Aktivis Asing Soroti Kelakuan Kanada yang Buang Sampah ke Indonesia

Aktivis Asing Soroti Kelakuan Kanada yang Buang Sampah ke Indonesia

Kelompok aktivis asing melalui tayangan film dokumenter menyoroti terkait adanya kasus kiriman sampah secara ilegal dari Kanada ke beberapa negara berkembang, termasuk dengan Indonesia. Sambil asik baca berita, ayo dapatkan sensasi nya lewat permainan slot yang seru jikalau menang menjadikan itu keberuntungan.

The Fifth Estate dalam tayangan dokumenter menemukan bahwa perusahaan daur-ulang yang berada di Kanada mengirim sampah rumah tangga yang tidak dapat terpilah secara ilegal.

Kiriman ini dilakukan melalui cara menyembunyikan sampah tak terpilah itu ke sampah yang telah mendapatkan persetujuan untuk bisa diekspor.

Kanada Ketauan Buang Sampah ke Indonesia, Film Dokumenter ini Buktinya

“Isi tempat sampah biru kami dikumpulkan dan dibuang dan 3,3 juta ton sampah plastik dipilah per tahun. [Namun] kurang dari sepuluh persen [sampah] plastik itu didaur ulang,” kata jurnalis The Fifth Estate, Gillian Findlay, dalam dokumenter berjudul “Canadian Recycling Companies Caught Shipping Illegal Trash Overseas,” berdasarkan informasi yang dipublikasikan, pada Kamis, 21 April 2022.

Salah satu aktivis cilik asal Indonesia, yakni Aeshnina Azzahra Aqilani (14), juga sempat dalam mengungkapkan kekhawatirannya terkait adanya masalah sampah plastik yang dikirim Kanada ke RI.

Ia membuat surat terhadap Perdana Menteri Kanada, Justin Trudeau, untuk tak dapat membuang sampah plastik Kanada ke Indonesia.

“Kepada, Perdana Menteri [Kanada], kenapa Anda mengirim sampah Anda ke negara saya? Anda harus mengelola sampah Anda di negara Anda,” ujar Nina melalui dokumenter tersebut.

Dokumenter tersebut yang kemudian menunjukkan aktivitas Nina di mana tengah berupaya dalam memungut sampah plastik yang berada di Sungai Brantas, tepatnya Jawa Timur, bersama dengan teman-temannya.

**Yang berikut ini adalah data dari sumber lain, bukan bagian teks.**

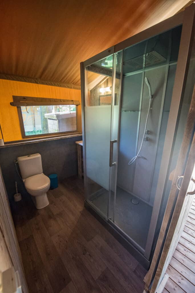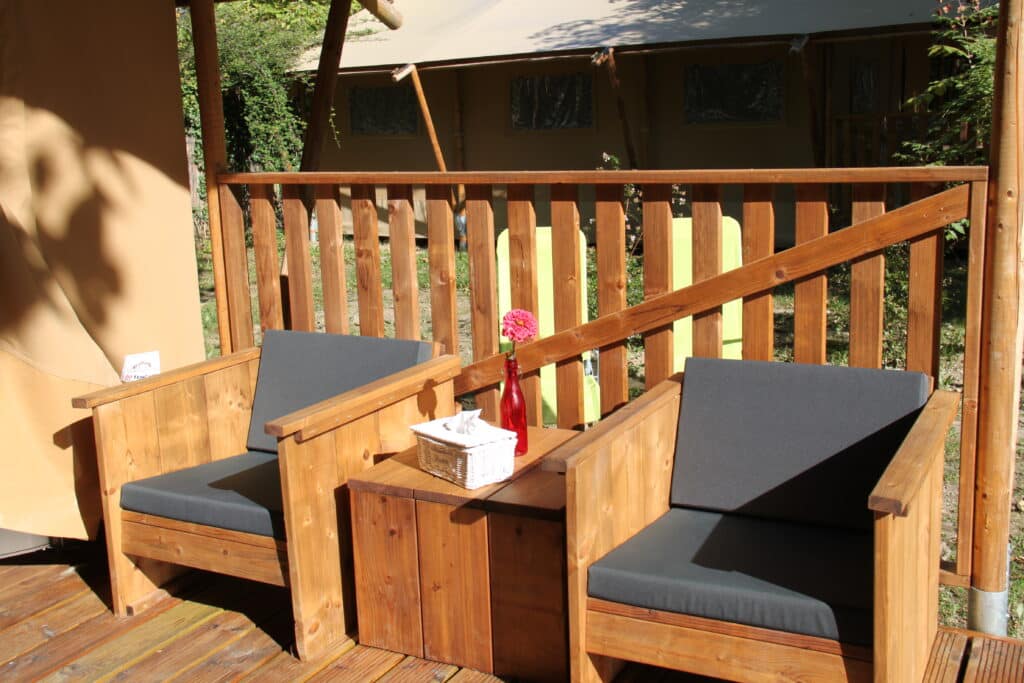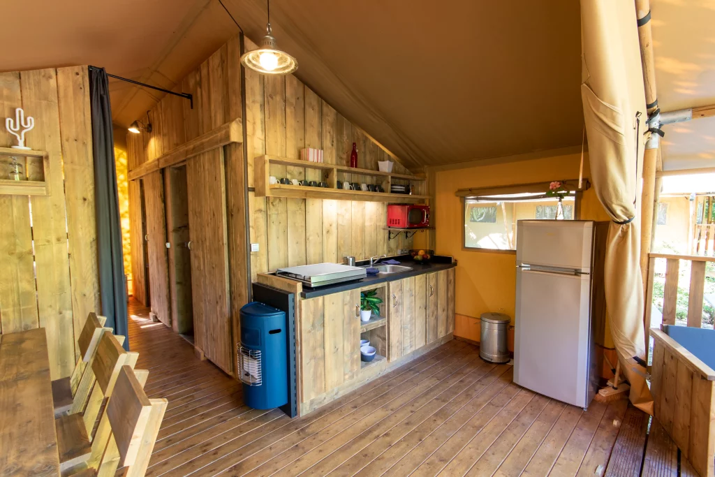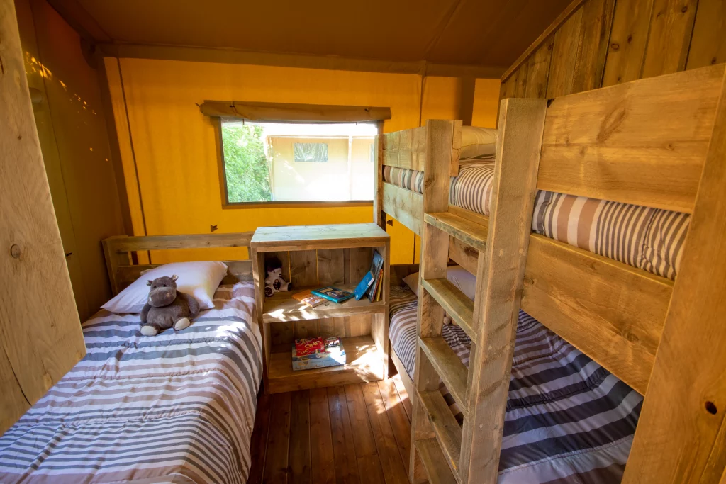 Tendance confort, douillet et chic, cette grande tente offre un intérieur cosy et soigné avec son mobilier en bois brut, ses sanitaires et une vaste terrasse couverte. Une belle expérience de camping glamour, à deux ou en famille. Les enfants adorent la chambre avec des lits superposés.

Tampak dari tumpukan sampah plastik yang tengah memenuhi pinggiran sungai dan tersangkut pada tumbuhan yang berada di daerah tersebut.

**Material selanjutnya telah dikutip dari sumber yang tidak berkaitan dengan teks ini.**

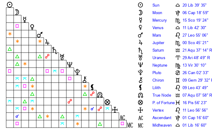 | Venus | 11 Libra 42 | 1 Libra 1 | 5 Aquarius 58 |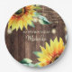 Prato De Papel Feliz Aniversário Madeira Rústica Girassóis Flores

Selain itu, Nina juga sempat menceritakan bahwa adanya masalah pembelian sampah kertas di Indonesia.

“Jadi pabrik kertas di Indonesia, mereka membeli sampah kertas dari negara maju, tetapi negara maju, mereka menyelundupkan sampah plastik mereka ke Indonesia karena mereka tahu bahwa daur ulang plastik itu sangat sulit dan mahal. Makanya mereka selundupkan saja ke Indonesia,” kata Nina.

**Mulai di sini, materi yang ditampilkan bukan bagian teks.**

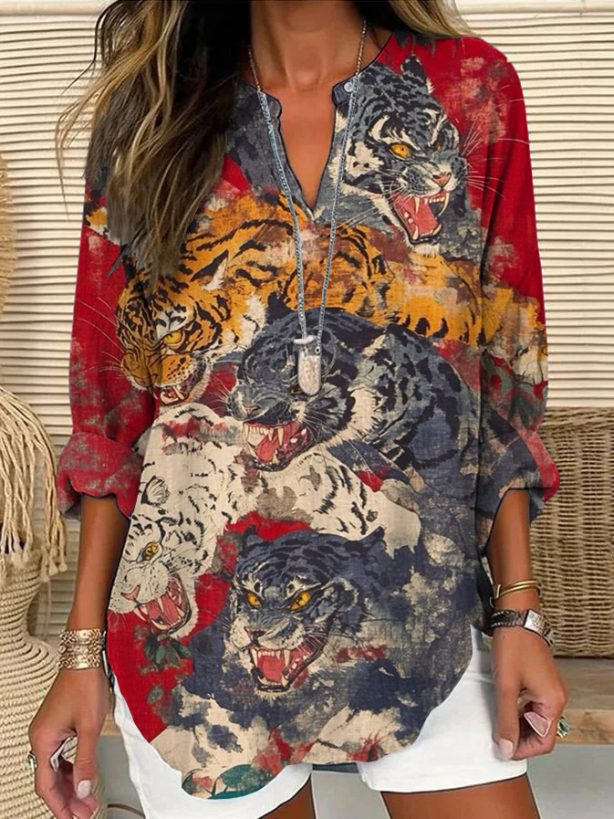 Women's Vintage Tiger Print Linen V-neck Shirt

Sebelumnya, Nina sempat membuat surat kepada Presiden Indonesia, yakni Joko Widodo, terkait adanya masalah impor plastik tersebut.

Dalam surat itu, Nina menyebutkan bahwa negara-negara maju layaknya Amerika Serikat, Kanada, Australia, dan Eropa kerap menyelundupkan sampah plastik mereka ke sampah kertas yang ingin diimpor ke Indonesia.

Desa Bangun, Mojokerto menjadi tempat pembuangan sampah plastik import terbesar di Jawa Timur. Para penduduk desa memilah sampah plastik impor, yang laku dijual dan yang tidak laku dijual,” tulisnya.

Menurut Nina, pemilahan sampah plastik ini berdampak terhadap sungai di desanya. Sampah plastik harus dicuci bersih hingga limbah hasil pencuciannya dapat mengalir ke sungai. Hal tersebut jadi menyebabkan sungai tercemar hingga berdampak akan matinya ikan-ikan di sana.

Tak hanya itu, limbah plastik juga berpotensi dalam melepaskan mikroplastik di mana berukuran kurang dari 5 mm. Bukan tidak mungkin, mikroplastik tersebut masuk ke tubuh manusia. Sambil asik baca berita, ayo dapatkan sensasi nya lewat permainan slot yang seru jikalau menang menjadikan itu keberuntungan.

“Jika ada mikroplastik di sungai, ikan-ikan akan terkontaminasi dan ikan tersebut kita makan, mikroplastik bisa menyebabkan penyakit serius pada manusia,” kata Nina.

Leave a Reply

Your email address will not be published.